Otra novedad intentó que pedía para arraigarse más fuerzas que las suyas. Probóse a componer sáficos, hexámetros y dísticos castellanos, y aunque las muestras que publicó no sean del todo infelices, especialmente en los sáficos por su analogía con nuestro endecasílabo, no ha tenido después quien le siga en esta empresa. Pide el hexámetro una prosodia más determinada y fija que la que tiene nuestra lengua para contentar el oído, y por lo mismo su imitación es tanto más difícil, por no decir imposible. Sin duda hubiera ganado el arte en el establecimiento de esta novedad, pero para ello se necesitaba que hubiese estado entonces en sus principios, que la lengua dócil y flexible se prestase a la voluntad del poeta y que este tuviese un genio colosal que subyugase a los otros y les hiciese una ley de versificar como él. Era mal tiempo de introducir otros ritmos aquel en que se conocían tan bellos versos endecasílabos de Garcilaso, León y Herrera, y la consistencia y fijación que tenían la lengua y la poesía no las permitían retroceder a su infancia, como era preciso para adestrarse en el manejo de la versificación latina.

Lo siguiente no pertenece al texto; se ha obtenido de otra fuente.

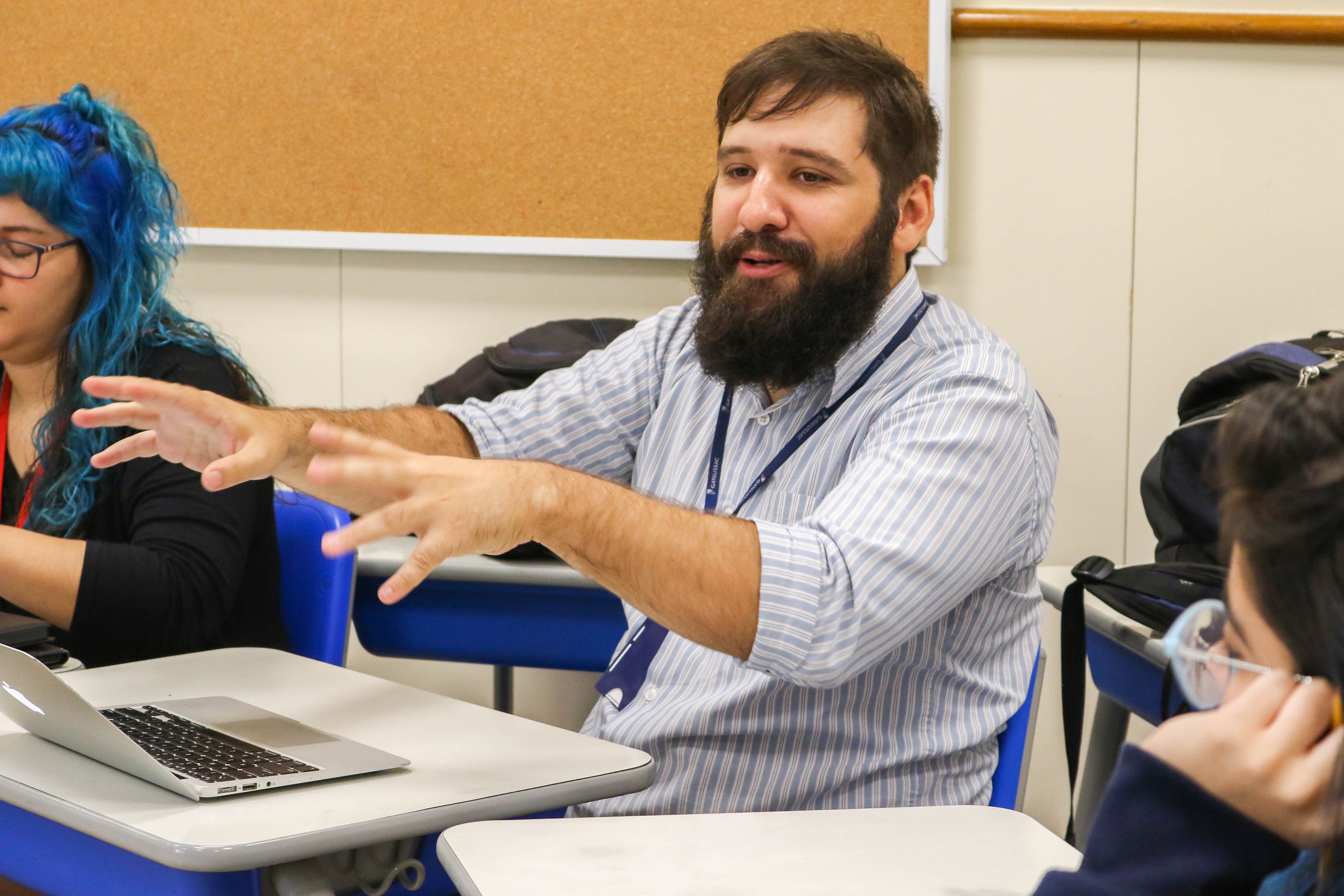 “Todo pensamento e toda palavra que eu escrever serão só meus e de meus muitos personagens”. A frase do professor Danilo Crespo, de Inglês, marcou a tarde dos alunos em uma Oficina de Sarau e Poesia. Trabalhando o tema “Eu sou o outro”, o encontro levou os alunos a escreverem coisas que ainda não haviam pensado enquanto compartilhavam suas ideias e sentimentos. O professor explica: “Acima de tudo um texto precisa ter coragem e sinceridade. Uma poesia rimada não é necessariamente bonita. Uma poesia é para dizer algo necessário. Se escreve primeiro para si, depois para o outro”.

La reputación de este poeta no correspondió entonces a las esperanzas orgullosas de que se alimentaba cuando publicó su libro. En él insultó a Cervantes, motejó a Góngora, se burló de Lope de Vega y, creyéndose un astro superior que iba a eclipsar a sus contemporáneos, se representó al frente de sus Eróticas como sol naciente que amortigua con sus rayos a las estrellas, llevando el arrogante lema: "Sicut sol matutinus: ¿Me surgente, quid istae?" Aun cuando hubiera reunido en sí los talentos de Horacio, Píndaro y Anacreonte en toda su extensión y pureza, de lo que estaba muy lejos, siempre era imperdonable esta jactancia, que ni aun puede disculparse con sus pocos años. El público es siempre mayor que cualquiera escritor por grande que sea y es preciso presentarse delante de él con modestia, a menos de querer pasar o por loco o por necio. Villegas pues irritó impertinentemente a sus iguales, no hizo sensación ninguna en el público, y se atrajo los sarcasmos groseros y mordaces de Góngora, y la reprensión justa y moderada de Lope 3 . Sepultado en olvido hasta la aparición del Parnaso español, en cuya colección tuvo gran lugar, fue reimpreso por aquel tiempo con un discurso al frente en que d. Vicente de los Ríos, hombre de una erudición vasta, y de un gusto exquisito, pero excesivamente condescendiente entonces, le atribuyó la palma de nuestra poesía lírica, que una crítica más severa y más justa no le ha conservado después.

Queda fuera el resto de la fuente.